Clickbait? Sensational Headline Generation with Auto-tuned Reinforcement Learning

Published in The Conference on Empirical Methods in Natural Language Processing (EMNLP), 2019


  title={Clickbait? Sensational Headline Generation with Auto-tuned Reinforcement Learning},
  author={Xu, Peng and Wu, Chien-Sheng and Madotto, Andrea and Fung, Pascale},
  journal={arXiv preprint arXiv:1909.03582},


Sensational headlines are headlines that capture people’s attention and generate reader interest. Conventional abstractive headline generation methods, unlike human writers, do not optimize for maximal reader attention. In this paper, we propose a model that generates sensational headlines without labeled data.

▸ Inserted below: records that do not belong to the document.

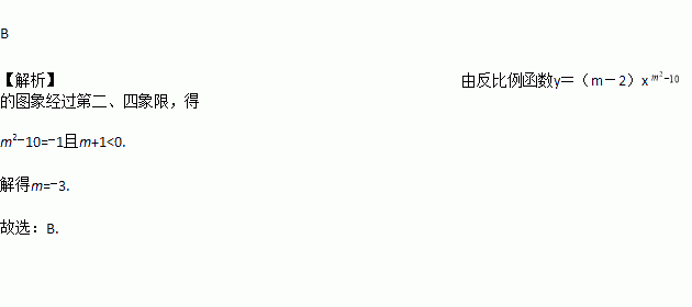 若反比例函数y=(m-2)x的图象经过第二、四象限,则m的值为( )
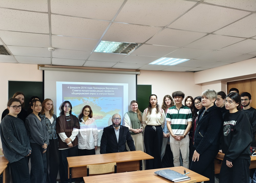 Так, 16 марта 2026 г. во время лекции-дискуссии старший преподаватель Рамиль Ишмухамбетов рассказал студентам о многовековой истории Крыма, проследив его связь с Россией со времен Екатерины II. Особое внимание было уделено событиям марта 2014 г., когда после смены власти на Украине Крым вернулся в состав Российской Федерации по итогам референдума. Лектор подчеркнул убедительные результаты голосования: подавляющее большинство жителей Крыма (96,77 %) и Севастополя (95,6 %) выразили желание воссоединиться с Россией.
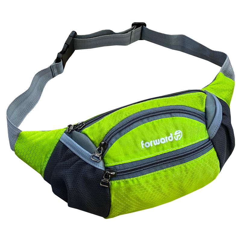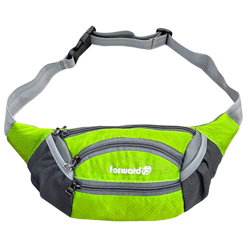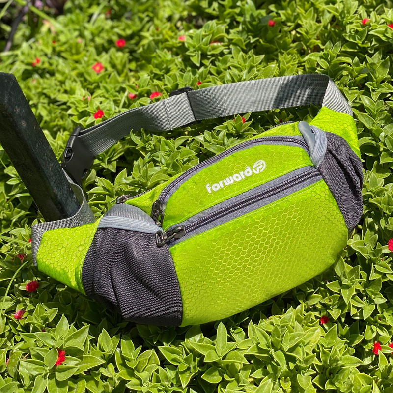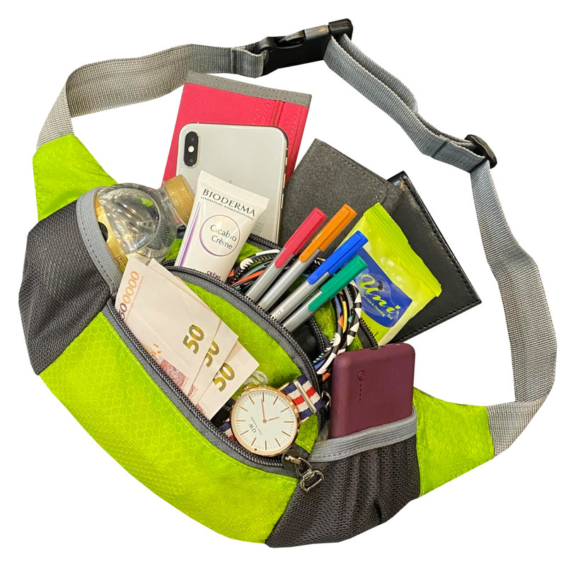 دارای یک زیپ مخفی در قسمت پشتی کیف کمری دارای 3 زیپ بزرگ در قسمت جلویی کیف کمری دارای دو جیب توری کش دار جهت قرار دادن وسایل و بطری نوشیدنی
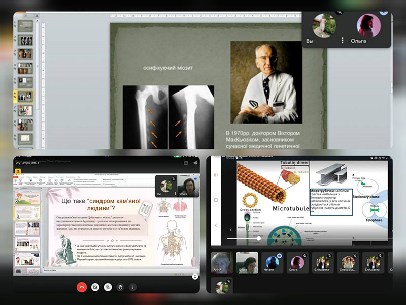 Наступні дві доповіді були присвячені рідкісній генетичної альтерації з різною морфологічною локалізацією, але однаковим ефектом – розвитком кам’яної людини. Студентка 4 курсу Ольга Пасько представила доповідь на тему: «Прогресуюча осифікуюча фібродисплазія». Уляна Клочко на Вероніка Лещук (4 курс) разом з науковим керівником професором С. І. Ільченко виступили на тему: «Stone boy syndrome або синдром камʼяного хлопчика».
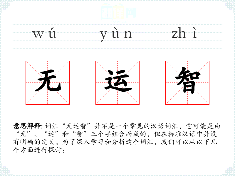 由于“无运智”不是一个标准词汇,我们无法给出确切的字面意思和基本含义。但从字面上理解,“无”可能表示“没有”,“运”可能与“运气”或“运用”有关,“智”则指“智慧”。因此,“无运智”可能意味着“没有运用智慧”或“缺乏智慧的运用”。
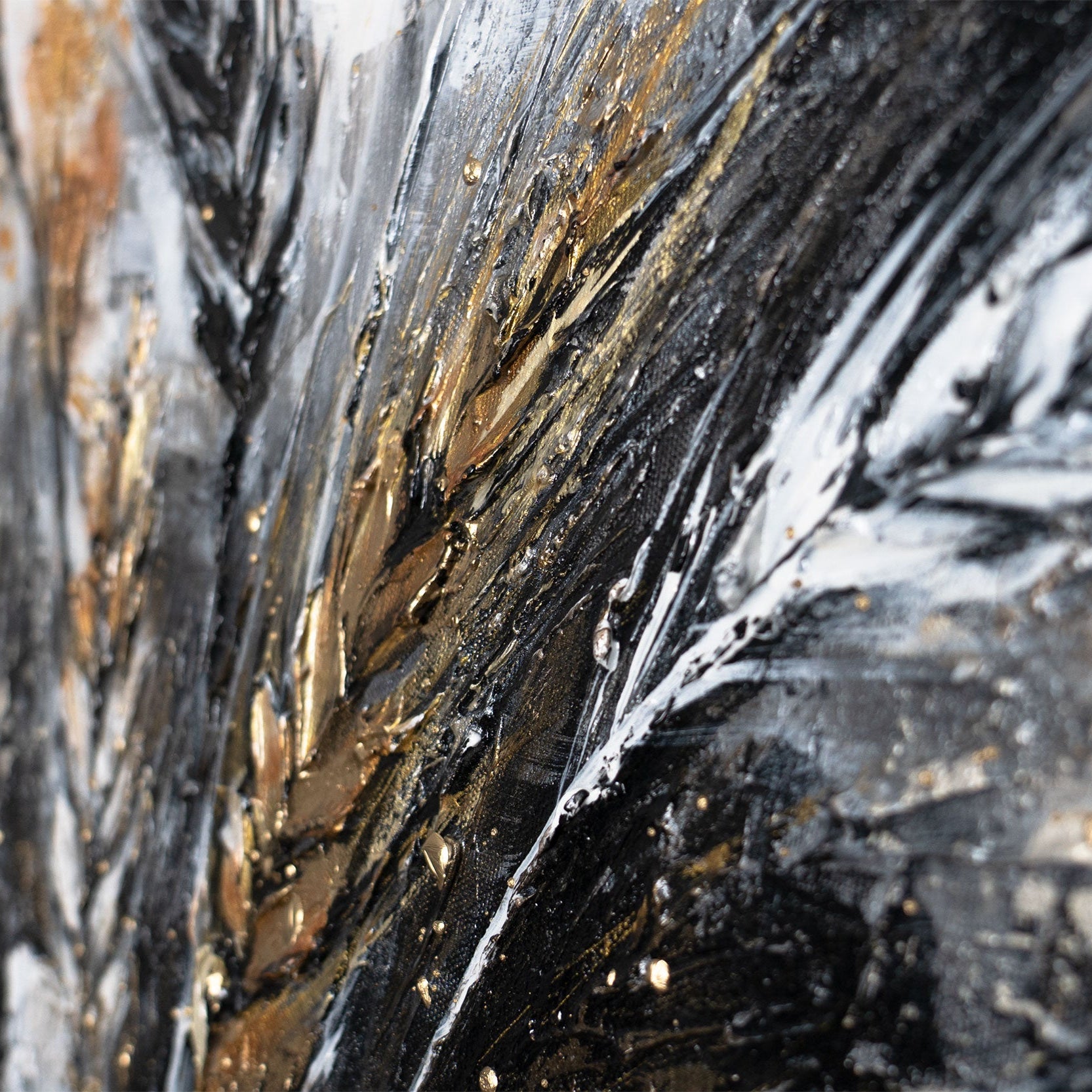 Diese Acrylmalerei wurde mit viel Liebe zum Detail auf Leinwand gefertigt und passt hervorragend zu stilvoll eingerichteten Wohn- oder Büroräumen. Die goldenen Akzente verleihen dem Bild einen edlen Charakter, während die abstrakte Gestaltung zeitgenössische Kunst in den Alltag bringt.
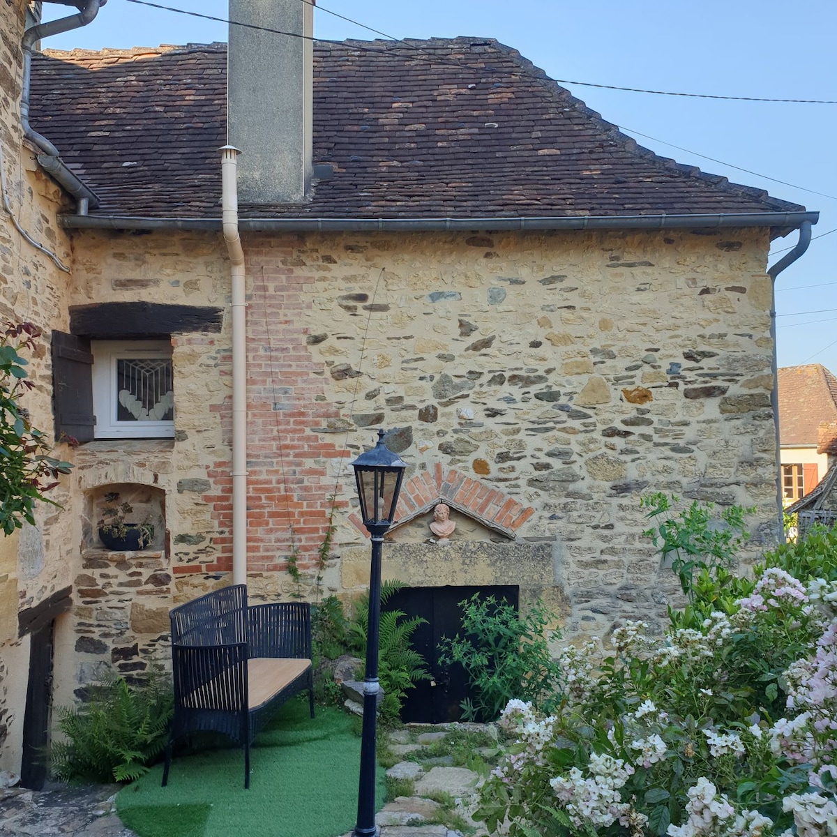 Photo extérieure atypique avec banc et décoration, bien mais pourrait être plus lumineuse.

We first train a sensationalism scorer by classifying online headlines with many comments (“clickbait”) against a baseline of headlines generated from a summarization model. The score from the sensationalism scorer is used as the reward for a reinforcement learner. However, maximizing the noisy sensationalism reward will generate unnatural phrases instead of sensational headlines. To effectively leverage this noisy reward, we propose a novel loss function, Auto-tuned Reinforcement Learning (ARL), to dynamically balance reinforcement learning (RL) with maximum likelihood estimation (MLE). Human evaluation shows that 60.8% of samples generated by our model are sensational, which is significantly better than the Pointer-Gen baseline (See et al., 2017) and other RL models.